Nvidia has reportedly informed major customers that prices for servers equipped with its advanced artificial intelligence chips could increase by more than 15%, according to a Bloomberg News report cited by CNBC and Reuters. The reported price increases are expected to affect systems featuring Nvidia’s latest AI platforms, including Vera Rubin and Grace Blackwell, with the extent of the increase varying according to chip generation and memory configuration.
The reported increases are expected to apply to systems shipped from early 2027, potentially raising costs for hyperscalers, cloud providers and other organisations investing heavily in AI infrastructure. Server manufacturers supplying major data centre operators, including Microsoft, Google and Oracle, have reportedly passed the pricing information on to their customers.
Rising Memory Costs Drive Pressure
The reported price changes come amid a sharp increase in the cost of memory components used in AI systems. High-bandwidth memory (HBM) and other advanced memory technologies have become increasingly important to AI accelerators as companies deploy larger and more demanding workloads.
Nvidia’s AI processors rely heavily on high-performance memory to support the computational requirements of generative AI and other advanced applications. Rising memory costs are therefore putting additional pressure on the overall cost of AI servers and data centre infrastructure.
The development highlights how the rapid expansion of AI infrastructure is affecting not only GPU demand but also the wider semiconductor and server supply chain. Companies building large-scale AI data centres are facing growing expenses across processors, memory, networking, power and cooling infrastructure.

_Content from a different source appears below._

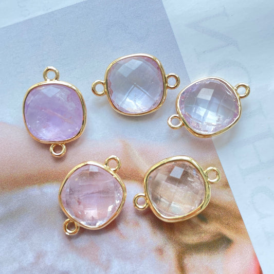 5pcs/Lot Gold Plated Bezel Labradorite Amethyst Rose Quartz White Quartz Tiger Eye Black Onyx Square Connectors
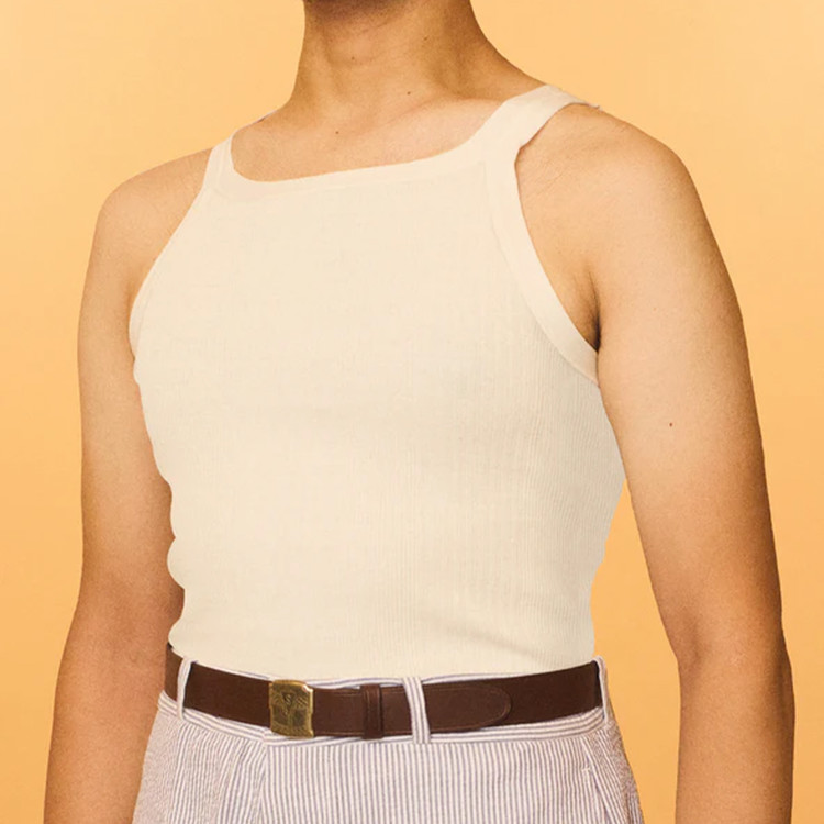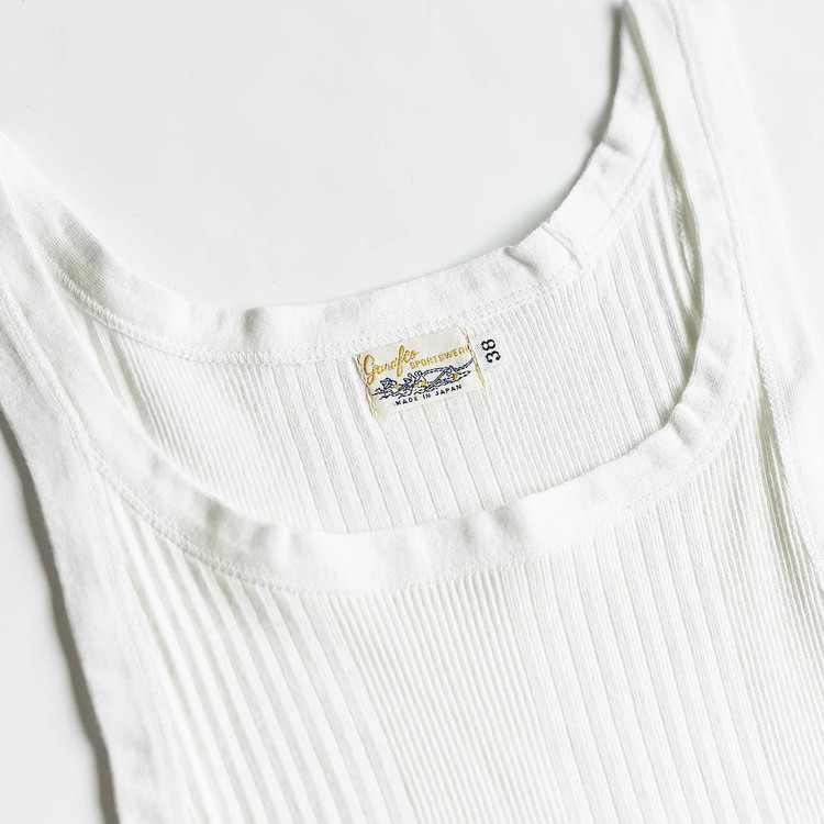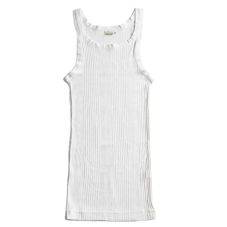 다양한 두께의 골이 랜덤하게 배열된 립 원단으로 제작된 탱크톱입니다.

AI Infrastructure Costs Could Rise Further
For cloud providers and hyperscalers, higher server prices could add to the already significant capital expenditure required to expand AI computing capacity. The impact will depend on the configuration of individual systems, meaning customers using different Nvidia chip generations and memory configurations could experience different levels of price increases.
The reported changes also come as demand for AI computing continues to grow globally. Enterprises and technology companies are investing heavily in data centre capacity to support generative AI, machine learning and other computationally intensive workloads.
Nvidia has not officially commented on the reported price increases, according to Reuters. The company is scheduled to report its second-quarter earnings on August 26, providing investors and the wider technology industry with another opportunity to assess demand and supply conditions surrounding its AI business.
The reported pricing shift underscores a broader challenge facing the AI industry: as demand for advanced computing continues to accelerate, the cost of the underlying infrastructure is becoming an increasingly important consideration. Any sustained increase in chip and memory-related costs could influence how cloud providers price AI services and how enterprises plan their future AI investments.
With Nvidia remaining a major supplier of AI computing infrastructure, changes in the cost of its advanced server platforms could have implications across the wider AI ecosystem, from hyperscalers and data centre operators to enterprises adopting AI at scale.